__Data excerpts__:
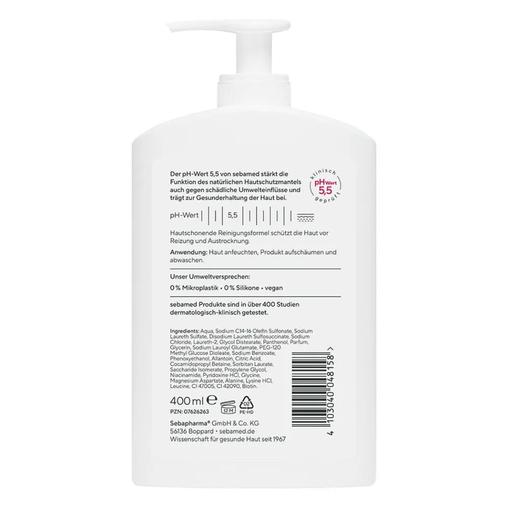 Die sebamed Flüssig Waschemulsion ist eine seifenfreie Reinigung für empfindliche und problematische Haut. Ein Reinigungskomplex mit besonders milden Waschaktivsubstanzen reinigt die empfindliche Haut und hilft, die Haut vor Reizung und Austrocknung zu schützen. Ein Pflegekomplex mit Pentavitin®*, Glycerin und Panthenol gleicht Feuchtigkeitsverlust aus. Der pH-Wert 5,5 unterstützt den natürlichen Hautschutzmantel und macht die Haut widerstandsfähiger. Hervorragende Eignung für empfindliche und problematische Haut dermatologisch-klinisch getestet. Bei Hauterkrankungen und Seifenverbot nach Rücksprache mit dem Arzt.
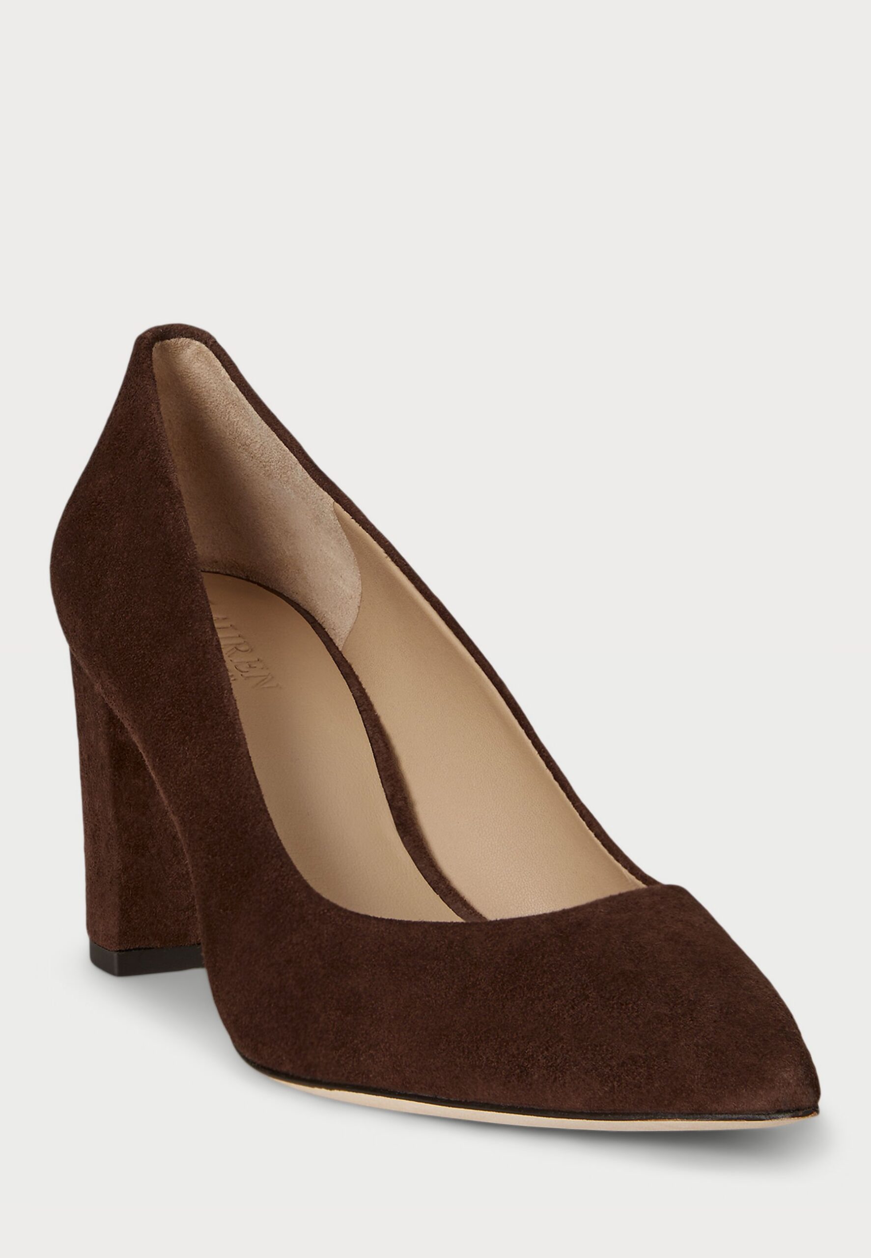 LANETTE SUEDE BLOCK HEEL PUMP – Classic heels – dark hickory
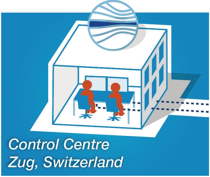 The operation of the pipelines is overseen from the Control Centre at the Nord Stream headquarters in Zug. Operators are in constant contact with the supplier of the gas as well as the receivers to assess the flow of gas on a daily basis. The control system is linked via a dedicated cable and satellite connection to the sensors and valve controls at both landfalls, enabling the operators to monitor all parameters of gas flow. The Control Centre is equipped with a large video wall display, as well as operator and engineering work stations.
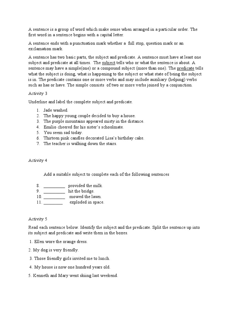 Sentence and Reading Comprehension | PDF | Subject (Grammar) | Sentence ...
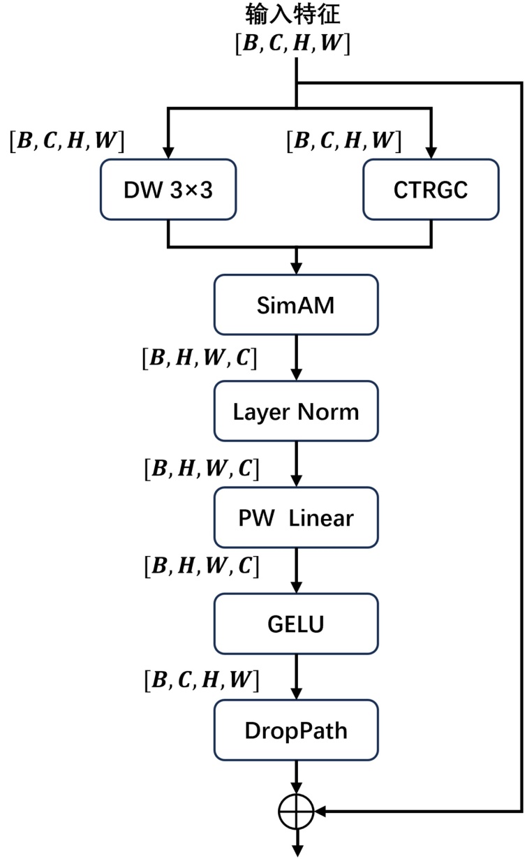 ,然后通过的并行双分支架构进行多层次特征提取,其中深度卷积分支利用3 × 3深度可分离卷积(DW)以参数高效的方式捕捉局部空间模式和细节特征,同时CTRGC图卷积分支通过将特征图重塑为图结构数据并应用通道–空间关系图卷积来建模全局上下文关系和长程依赖,这种双路并进的设计使得模块能够同时从局部细节和全局结构中汲取互补信息,随后两个分支的输出通过基于可学习权重的自适应融合机制进行智能整合,公式如下:
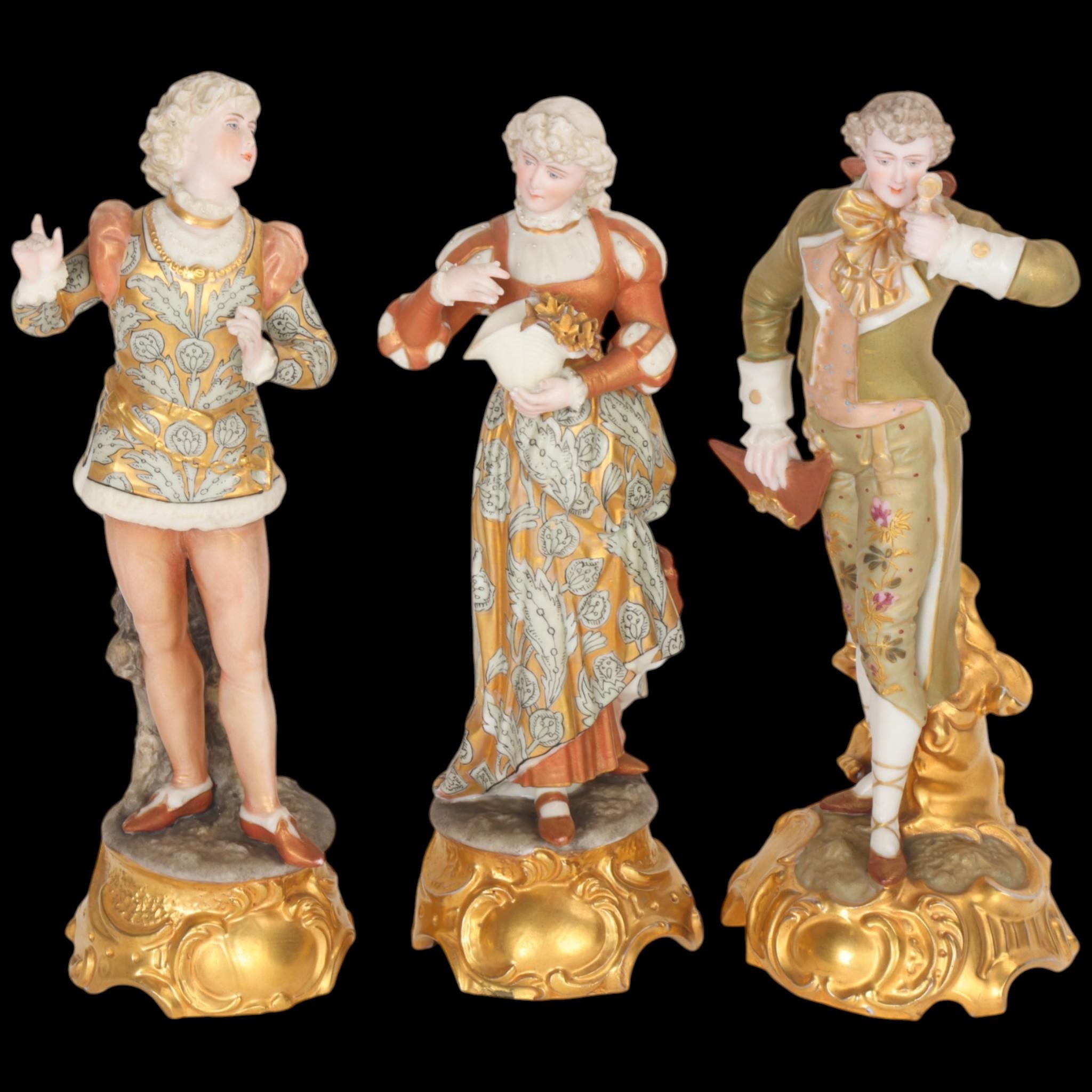 3 x 19th century German porcelain figures, height 21cm

__TASK INSTRUCTIONS__:
Please transcribe every entry above exactly, leaving out any pictures.

__REPLY__:
 Die sebamed Flüssig Waschemulsion ist eine seifenfreie Reinigung für empfindliche und problematische Haut. Ein Reinigungskomplex mit besonders milden Waschaktivsubstanzen reinigt die empfindliche Haut und hilft, die Haut vor Reizung und Austrocknung zu schützen. Ein Pflegekomplex mit Pentavitin®*, Glycerin und Panthenol gleicht Feuchtigkeitsverlust aus. Der pH-Wert 5,5 unterstützt den natürlichen Hautschutzmantel und macht die Haut widerstandsfähiger. Hervorragende Eignung für empfindliche und problematische Haut dermatologisch-klinisch getestet. Bei Hauterkrankungen und Seifenverbot nach Rücksprache mit dem Arzt.
 LANETTE SUEDE BLOCK HEEL PUMP – Classic heels – dark hickory
 The operation of the pipelines is overseen from the Control Centre at the Nord Stream headquarters in Zug. Operators are in constant contact with the supplier of the gas as well as the receivers to assess the flow of gas on a daily basis. The control system is linked via a dedicated cable and satellite connection to the sensors and valve controls at both landfalls, enabling the operators to monitor all parameters of gas flow. The Control Centre is equipped with a large video wall display, as well as operator and engineering work stations.
 Sentence and Reading Comprehension | PDF | Subject (Grammar) | Sentence ...
 ,然后通过的并行双分支架构进行多层次特征提取,其中深度卷积分支利用3 × 3深度可分离卷积(DW)以参数高效的方式捕捉局部空间模式和细节特征,同时CTRGC图卷积分支通过将特征图重塑为图结构数据并应用通道–空间关系图卷积来建模全局上下文关系和长程依赖,这种双路并进的设计使得模块能够同时从局部细节和全局结构中汲取互补信息,随后两个分支的输出通过基于可学习权重的自适应融合机制进行智能整合,公式如下:
 3 x 19th century German porcelain figures, height 21cm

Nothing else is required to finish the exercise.